To begin with, Rothbard's slavery analogy illustrates the nature of the State. The condition of the slaves relative to their master is more or less the same as that of the subjects to the State. The master, by either directly or indirectly (through a foreman) exceeding his natural rights, denies his slaves' natural rights, just as the State denies the natural rights of its subjects by its very existence.

The condition of the slaves is thus a given before the question of "voting rights" arises. Their condition indicates that they have a ruler regardless of whether or not the slaves can vote. The same is true of the subjects of the State. Suppose, then, that the slaves are granted a choice of, say, two foremen by the master. The slaves may cast ballots to decide which foreman will execute rule over the slaves. The foreman who receives the most votes will be the choice of all the slaves. Presumably, the slaves will each choose what he or she thinks is the lesser of the two evils. The situation of the slave thus becomes analogous to that of the subject who has been granted the "right to vote" for his ruler. In light of this slavery analogy, Rothbard asks: What is immoral about choosing the lesser of two evils, if that is the only choice one has under the circumstances?

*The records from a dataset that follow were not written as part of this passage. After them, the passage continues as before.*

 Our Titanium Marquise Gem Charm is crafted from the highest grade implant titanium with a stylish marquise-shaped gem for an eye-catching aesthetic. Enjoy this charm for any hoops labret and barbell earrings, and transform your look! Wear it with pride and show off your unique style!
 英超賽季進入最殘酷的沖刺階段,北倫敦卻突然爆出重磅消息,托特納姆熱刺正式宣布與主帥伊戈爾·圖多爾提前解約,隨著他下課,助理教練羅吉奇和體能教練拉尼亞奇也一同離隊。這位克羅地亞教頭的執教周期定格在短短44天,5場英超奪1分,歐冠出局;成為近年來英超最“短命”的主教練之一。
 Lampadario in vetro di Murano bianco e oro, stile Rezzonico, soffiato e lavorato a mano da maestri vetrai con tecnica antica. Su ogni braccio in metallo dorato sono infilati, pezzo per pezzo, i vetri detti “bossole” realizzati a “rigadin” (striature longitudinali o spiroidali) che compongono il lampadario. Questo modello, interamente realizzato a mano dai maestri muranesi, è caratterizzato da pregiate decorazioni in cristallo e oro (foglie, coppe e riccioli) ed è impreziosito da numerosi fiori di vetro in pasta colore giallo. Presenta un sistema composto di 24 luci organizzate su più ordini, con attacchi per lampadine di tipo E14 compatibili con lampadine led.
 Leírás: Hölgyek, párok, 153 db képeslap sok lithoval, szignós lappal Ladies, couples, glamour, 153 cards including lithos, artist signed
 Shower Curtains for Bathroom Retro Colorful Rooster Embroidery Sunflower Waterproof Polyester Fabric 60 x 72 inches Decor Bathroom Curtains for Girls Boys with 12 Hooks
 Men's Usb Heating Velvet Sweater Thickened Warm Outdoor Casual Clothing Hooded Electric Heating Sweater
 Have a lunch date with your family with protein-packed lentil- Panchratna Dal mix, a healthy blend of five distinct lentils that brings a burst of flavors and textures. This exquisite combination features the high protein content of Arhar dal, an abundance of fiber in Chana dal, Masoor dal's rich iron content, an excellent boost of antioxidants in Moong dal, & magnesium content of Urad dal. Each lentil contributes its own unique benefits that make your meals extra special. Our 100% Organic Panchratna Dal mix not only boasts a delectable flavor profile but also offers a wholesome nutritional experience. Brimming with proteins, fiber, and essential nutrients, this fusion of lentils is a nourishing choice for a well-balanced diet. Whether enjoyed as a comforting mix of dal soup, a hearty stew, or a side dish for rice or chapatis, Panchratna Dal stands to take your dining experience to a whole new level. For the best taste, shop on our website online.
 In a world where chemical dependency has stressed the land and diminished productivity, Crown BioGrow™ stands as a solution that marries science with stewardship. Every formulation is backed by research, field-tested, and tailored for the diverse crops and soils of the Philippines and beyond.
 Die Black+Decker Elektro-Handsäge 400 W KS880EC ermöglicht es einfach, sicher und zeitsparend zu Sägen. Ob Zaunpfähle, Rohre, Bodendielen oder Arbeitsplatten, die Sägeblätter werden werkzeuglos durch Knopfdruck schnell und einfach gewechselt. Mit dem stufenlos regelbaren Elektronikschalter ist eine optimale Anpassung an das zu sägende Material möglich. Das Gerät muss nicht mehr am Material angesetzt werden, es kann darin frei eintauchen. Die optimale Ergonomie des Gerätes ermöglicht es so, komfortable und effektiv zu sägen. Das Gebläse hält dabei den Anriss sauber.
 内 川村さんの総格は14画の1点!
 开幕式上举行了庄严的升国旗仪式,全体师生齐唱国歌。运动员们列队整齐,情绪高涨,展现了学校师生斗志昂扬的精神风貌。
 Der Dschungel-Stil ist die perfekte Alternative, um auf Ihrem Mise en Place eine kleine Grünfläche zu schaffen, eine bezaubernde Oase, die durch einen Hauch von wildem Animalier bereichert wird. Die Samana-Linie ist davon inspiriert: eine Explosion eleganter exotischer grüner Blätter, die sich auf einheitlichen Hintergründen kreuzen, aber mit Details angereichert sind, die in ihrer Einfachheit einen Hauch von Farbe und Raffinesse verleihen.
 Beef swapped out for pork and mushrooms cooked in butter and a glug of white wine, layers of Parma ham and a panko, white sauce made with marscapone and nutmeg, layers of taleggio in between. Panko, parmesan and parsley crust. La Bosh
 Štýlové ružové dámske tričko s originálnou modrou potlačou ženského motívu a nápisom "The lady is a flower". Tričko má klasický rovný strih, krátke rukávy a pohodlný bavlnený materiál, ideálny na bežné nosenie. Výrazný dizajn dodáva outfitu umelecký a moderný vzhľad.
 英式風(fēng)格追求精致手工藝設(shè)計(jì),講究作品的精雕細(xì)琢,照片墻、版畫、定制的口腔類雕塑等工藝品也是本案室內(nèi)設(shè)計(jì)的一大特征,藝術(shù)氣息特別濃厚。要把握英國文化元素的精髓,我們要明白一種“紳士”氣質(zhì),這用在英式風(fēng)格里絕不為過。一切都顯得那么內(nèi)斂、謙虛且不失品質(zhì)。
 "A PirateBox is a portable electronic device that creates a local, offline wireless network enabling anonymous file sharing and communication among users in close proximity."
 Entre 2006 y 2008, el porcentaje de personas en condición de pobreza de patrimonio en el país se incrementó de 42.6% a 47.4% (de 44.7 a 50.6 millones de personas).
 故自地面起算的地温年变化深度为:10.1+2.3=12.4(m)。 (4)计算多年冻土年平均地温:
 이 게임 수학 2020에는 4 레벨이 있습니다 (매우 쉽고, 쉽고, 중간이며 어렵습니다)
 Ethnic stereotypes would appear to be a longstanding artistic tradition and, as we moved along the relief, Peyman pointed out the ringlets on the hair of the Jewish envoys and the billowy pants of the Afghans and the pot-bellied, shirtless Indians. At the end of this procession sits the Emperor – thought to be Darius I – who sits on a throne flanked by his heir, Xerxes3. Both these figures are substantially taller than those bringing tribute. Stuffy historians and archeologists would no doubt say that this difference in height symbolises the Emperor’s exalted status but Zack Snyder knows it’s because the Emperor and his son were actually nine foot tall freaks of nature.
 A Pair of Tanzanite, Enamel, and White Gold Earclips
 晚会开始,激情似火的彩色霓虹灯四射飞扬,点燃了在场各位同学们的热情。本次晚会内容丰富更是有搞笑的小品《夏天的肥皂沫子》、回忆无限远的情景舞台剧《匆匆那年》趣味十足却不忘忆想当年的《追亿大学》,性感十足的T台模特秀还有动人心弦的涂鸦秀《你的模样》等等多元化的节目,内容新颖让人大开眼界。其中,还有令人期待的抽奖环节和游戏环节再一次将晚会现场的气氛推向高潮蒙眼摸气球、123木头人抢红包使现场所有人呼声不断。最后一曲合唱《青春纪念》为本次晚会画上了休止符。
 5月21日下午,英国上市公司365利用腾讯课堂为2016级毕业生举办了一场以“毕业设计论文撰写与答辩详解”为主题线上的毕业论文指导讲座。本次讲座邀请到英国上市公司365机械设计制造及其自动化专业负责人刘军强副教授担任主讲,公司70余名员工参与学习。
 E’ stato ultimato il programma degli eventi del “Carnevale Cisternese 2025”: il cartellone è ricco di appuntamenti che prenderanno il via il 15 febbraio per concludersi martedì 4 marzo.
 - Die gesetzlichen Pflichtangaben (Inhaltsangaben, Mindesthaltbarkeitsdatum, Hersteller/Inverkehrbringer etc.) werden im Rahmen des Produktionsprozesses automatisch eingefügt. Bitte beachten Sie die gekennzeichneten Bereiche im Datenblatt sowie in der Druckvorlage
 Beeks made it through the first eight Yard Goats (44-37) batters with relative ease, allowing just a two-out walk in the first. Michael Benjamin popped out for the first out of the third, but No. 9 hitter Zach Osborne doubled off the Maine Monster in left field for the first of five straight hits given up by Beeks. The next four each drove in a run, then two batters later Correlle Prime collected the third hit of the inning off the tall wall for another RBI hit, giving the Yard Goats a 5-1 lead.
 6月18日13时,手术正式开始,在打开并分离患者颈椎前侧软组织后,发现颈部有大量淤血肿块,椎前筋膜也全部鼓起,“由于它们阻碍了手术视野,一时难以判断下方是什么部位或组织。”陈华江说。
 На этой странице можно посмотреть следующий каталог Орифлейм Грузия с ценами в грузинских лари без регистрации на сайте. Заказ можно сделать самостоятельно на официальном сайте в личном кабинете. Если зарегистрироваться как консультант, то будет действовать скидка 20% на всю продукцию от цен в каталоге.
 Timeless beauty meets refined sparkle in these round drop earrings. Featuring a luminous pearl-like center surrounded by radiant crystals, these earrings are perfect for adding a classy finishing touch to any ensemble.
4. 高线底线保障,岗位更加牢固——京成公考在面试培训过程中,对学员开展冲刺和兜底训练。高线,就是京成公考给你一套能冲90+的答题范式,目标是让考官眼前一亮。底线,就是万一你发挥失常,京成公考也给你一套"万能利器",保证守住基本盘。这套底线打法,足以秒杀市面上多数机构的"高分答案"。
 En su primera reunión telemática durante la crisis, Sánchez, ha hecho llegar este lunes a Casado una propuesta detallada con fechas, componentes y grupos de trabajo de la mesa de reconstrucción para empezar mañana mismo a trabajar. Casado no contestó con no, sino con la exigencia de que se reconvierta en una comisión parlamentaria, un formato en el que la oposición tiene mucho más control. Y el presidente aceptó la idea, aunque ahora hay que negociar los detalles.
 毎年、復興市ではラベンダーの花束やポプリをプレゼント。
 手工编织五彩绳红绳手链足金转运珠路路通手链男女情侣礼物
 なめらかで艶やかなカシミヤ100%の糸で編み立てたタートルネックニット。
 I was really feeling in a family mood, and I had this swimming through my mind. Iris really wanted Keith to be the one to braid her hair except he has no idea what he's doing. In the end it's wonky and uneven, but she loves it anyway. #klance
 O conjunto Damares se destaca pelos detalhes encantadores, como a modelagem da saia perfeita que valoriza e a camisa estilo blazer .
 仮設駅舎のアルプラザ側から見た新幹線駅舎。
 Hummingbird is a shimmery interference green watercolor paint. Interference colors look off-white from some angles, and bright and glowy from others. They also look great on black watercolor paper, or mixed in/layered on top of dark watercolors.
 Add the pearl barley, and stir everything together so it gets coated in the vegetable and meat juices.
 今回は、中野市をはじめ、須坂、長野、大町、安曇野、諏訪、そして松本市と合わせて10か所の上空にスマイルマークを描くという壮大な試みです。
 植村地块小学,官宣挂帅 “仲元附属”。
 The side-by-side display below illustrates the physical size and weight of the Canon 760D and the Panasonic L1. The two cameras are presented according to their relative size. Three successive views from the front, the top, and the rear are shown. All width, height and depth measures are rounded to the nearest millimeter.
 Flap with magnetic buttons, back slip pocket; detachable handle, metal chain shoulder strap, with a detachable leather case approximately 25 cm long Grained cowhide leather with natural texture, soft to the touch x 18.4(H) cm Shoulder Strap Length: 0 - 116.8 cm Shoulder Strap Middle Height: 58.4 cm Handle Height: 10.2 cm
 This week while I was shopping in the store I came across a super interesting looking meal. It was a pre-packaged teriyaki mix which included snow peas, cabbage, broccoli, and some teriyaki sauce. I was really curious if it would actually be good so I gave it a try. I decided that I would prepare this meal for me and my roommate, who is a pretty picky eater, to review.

To answer his question: First of all, the choice is one which affects the lives of others besides the chooser. Using the slave analogy, the vote of each slave isn't just a choice of which foreman will rule that slave, but is a choice of who will rule all of the slaves. Thus each slave that votes is acting in the capacity of the master respecting his slaves. To vote for a foreman is to take part in the process of other people's enslavement. It should be clear, at least to Rothbard, that by voting, the slave in respect to his peers is going as far beyond his or her natural rights as the master (or the foreman) does respecting his or her slaves.

Moreover, the possibility certainly exists in the slavery analogy that not all the slaves may be in agreement as to which of the two foremen is the lesser of the two evils. Most importantly, some or all of the slaves may decide that the lesser of the two evils is still evil and on this basis refuse to vote. In either case, the immorality of voting is quite obvious.

It is also obvious that assuming one only has the choice of the lesser or greater of the two evils in the slavery analogy is begging the question. As Frank Chodorov once asked, in this regard: "Under what compulsion are we to make such a choice? Why not pass up both of them?" Indeed there is nothing in the slavery analogy that says the slaves must choose one or the other of the two foremen. By making such a choice the slaves are merely doing yet another thing that the master wants them to do. Instead of choosing either foremen, one or more of the slaves may choose neither. This third choice, also open to the slaves, is a moral one for it doesn't affect coercion toward others unlike voting.

Furthermore, the refusal to vote is a first step toward restoring individual sovereignty. If the slave does what the master wants him or her to do he or she will surely remain a slave. (The master, for example, wouldn't give his or her slaves the "right to vote" if the slaves could thereby become free.) By refusing to vote the slave is not doing what the master wants him or her to do. If most of the slaves refused to vote the master would have to choose the foreman for them. However, the master (and foreman) would then be up against a group that has refused to barter his or her individual sovereignty for the lesser of the two evils the master had originally offered; let alone give it up for nothing. And so would it be for the State that failed to get barely any of its subjects to participate in the electoral process.

In short, the answer to the opening question is: No, on the contrary.